Based on my experience with Rust, a lot of what people want to do with its "constant generics" probably would be easier to do with a feature like comptime. Letting you do math on constant generics while maintaining parametricity is hard to implement, and when all you really want is "a trait for a hash function with an output size of N," probably giving up parametricity for that purpose and generating the trait from N as an earlier codegen step is fine for you, but Rust's macros are too flexible and annoying for doing it that way. But as soon as you replace parametric polymorphism with a naive code generation feature, you're in for a world of hurt.
You can't use the binding early like this, but inside of the type definition you can use the @This() builtin to get a value that's the type you're in, and you can presumably do whatever you like with it.
The type system barely does anything, so it's not very interesting when type checking runs. comptime code is type checked and executed. Normal code is typechecked and not executed.
comptime is not a macro system. It doesn't have the ability to be unhygienic. It can cleverly monomorphize code, or it can unroll code, or it can omit code, but I don't think it can generate code.
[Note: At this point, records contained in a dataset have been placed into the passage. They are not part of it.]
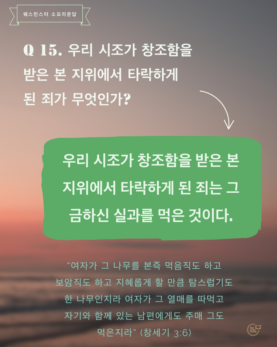 문 15. 우리 시조가 창조함을 받은 본 지위에서 타락하게 된 죄가 무엇인가?
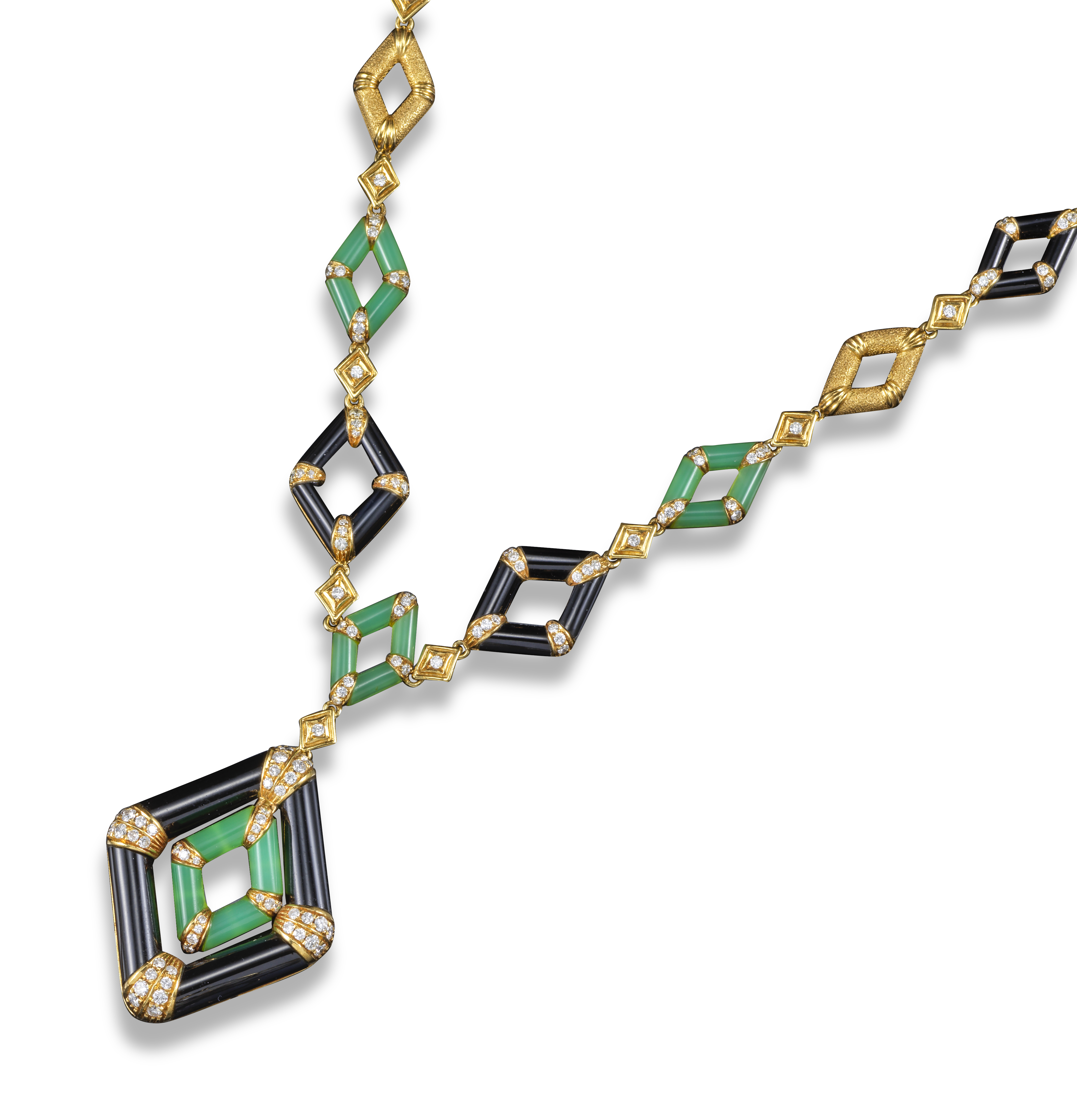 A chalcedony, onyx and diamond necklace, the pendant formed from an articulated chalcedony lozenge within an onyx lozenge, quartered with diamonds, suspending from a conforming necklace, 48cm long
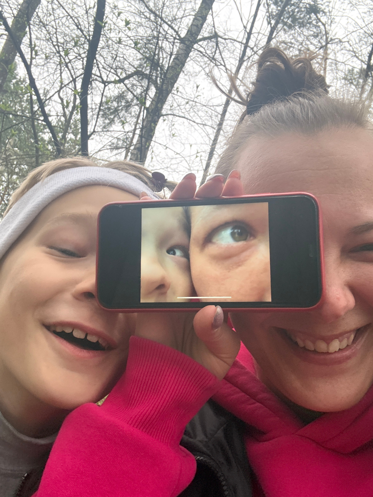 An inverted portrait-oriented image shows two individuals, likely an adult and a child, positioned side-by-side, smiling broadly with their mouths open, revealing teeth. The camera captures them from…read more

Until version 0.12.0 (April 2024), you could make arbitrary syscalls, allowing you to generate code at comptime, and promote vars between comptime and runtime. [0] Before then, you could do some rather funky things with pointers and memory, and was very much not hygienic.
* Documentation. In a sufficiently-powerful comptime system, you can write a function that takes in a path to a .proto file and returns the types defined in that file. How should this function be documented? What happens when you click a reference to such a generated type in the documentation viewer?
* IDE autocompletions, go to definition, type hinting etc. A similar problem, especially when you're working on some half-written code and actual compilation isn't possible yet.
Considering that pretty much every non-toy project isn't built by directly calling the compiler but through build tools like make, cmake, autotools, etc or even scripts like `build.sh` that can call arbitrary commands and that even IDEs have functionality to let you call arbitrary commands before and after builds (and had since the 90s at least), i do not see this as a realistic concern worth of limiting a language's functionality.
There is a difference between actually building a project and merely opening a file in an IDE though. See for example the recent emacs completion vulnerability [1], which AFAIK is still open.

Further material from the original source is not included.